Some employers extend benefits—such as health coverage—to retirees. Over time, these retiree benefits may be tweaked to accommodate budgets, eligibility changes, or plan redesign. A recent Supreme Court decision, Stanley v. City of Sanford, has provided more clarity on how far employers can go when adjusting their retiree benefits.
The court ruled in Stanley v. City of Sanford that retirees are not considered “qualified individuals” under the Americans with Disabilities Act (ADA). This means that once employees leave the workforce, they are not protected by the ADA’s anti-discrimination provisions when it comes to post-employment benefits like retiree health insurance.
What did the Supreme Court rule exactly?
For employers, this ruling reduces the risk of ADA claims when making changes to retiree benefits even if those changes affect disabled retirees.

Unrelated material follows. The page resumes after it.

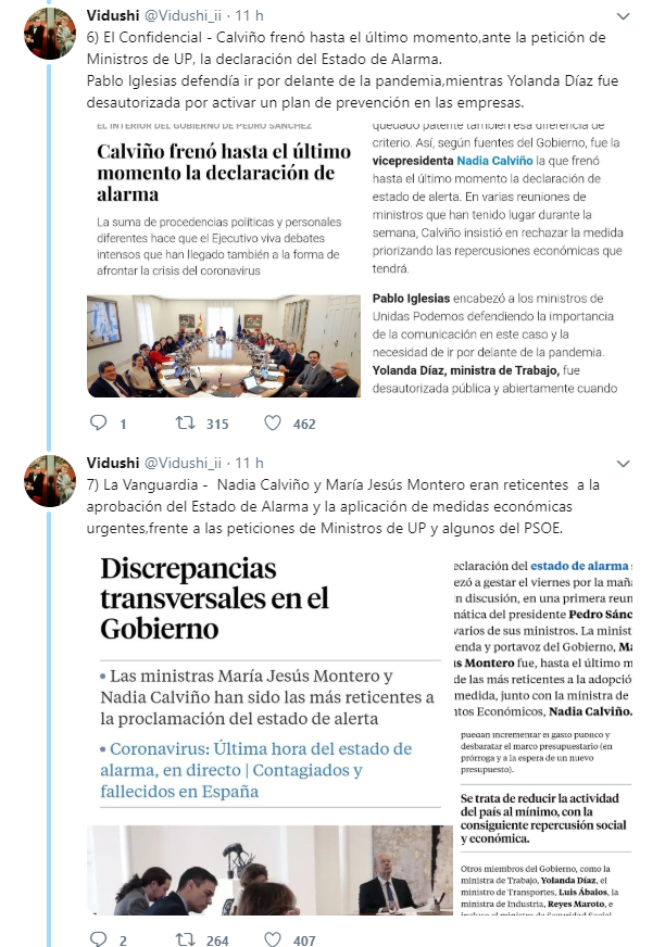 El hilo elaborado con pantallazos de medios de comunicación n de diferentes ideologías, corrobora cómo Unidas Podemos quiso decretar antes el estado de alarma.

The court held that retirees are no longer considered “qualified individuals” under Title I of the ADA and cannot claim disability discrimination when retiree benefits are altered or discontinued. Only job applicants or currently employed individuals can bring those disability claims.

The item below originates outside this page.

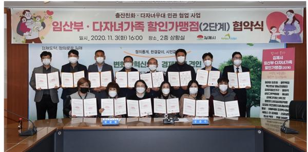 김제시는 11월 3일 김제시청 2층 상황실에서 지역의 19개 소상공인 업소가 2단계 임산부·다자녀 가족 할인점으로 추가 동참해 협약을 체결했다고 3일 밝혔다.

Justice Neil Gorsuch, writing for the majority (joined by five conservative justices and Justice Kagan), emphasized this. “The statute protects people, not benefits…only qualified individuals or those who hold or seek a job at the time of the alleged discriminatory act are covered.”
What does this mean for employers?
It’s not a free pass to ignore issues with plan design. Other laws, including the Rehabilitation Act, ERISA, and state-specific regulations, still apply protections to those in retirement and limit employer protections. Employers should carefully review changes to benefit plans through a fiduciary lens. However, the ruling also means:
- Greater flexibility: Employers have clearer legal ground to adjust retiree benefit plans, even those affecting disabled retirees.
- Recordkeeping matters on both sides: The Court stressed that ADA plaintiffs must show, at the time of any discrimination, they held or were applying for employment and could perform any essential job duties—with or without accommodation.
The Stanley decision gives employers greater clarity under the ADA when modifying retiree benefits. As a fiduciary, we still recommend a balanced approach that ensures cost-efficiency and plan flexibility, while remaining mindful of the larger legal landscape and communicating openly with staff–both employed and retired.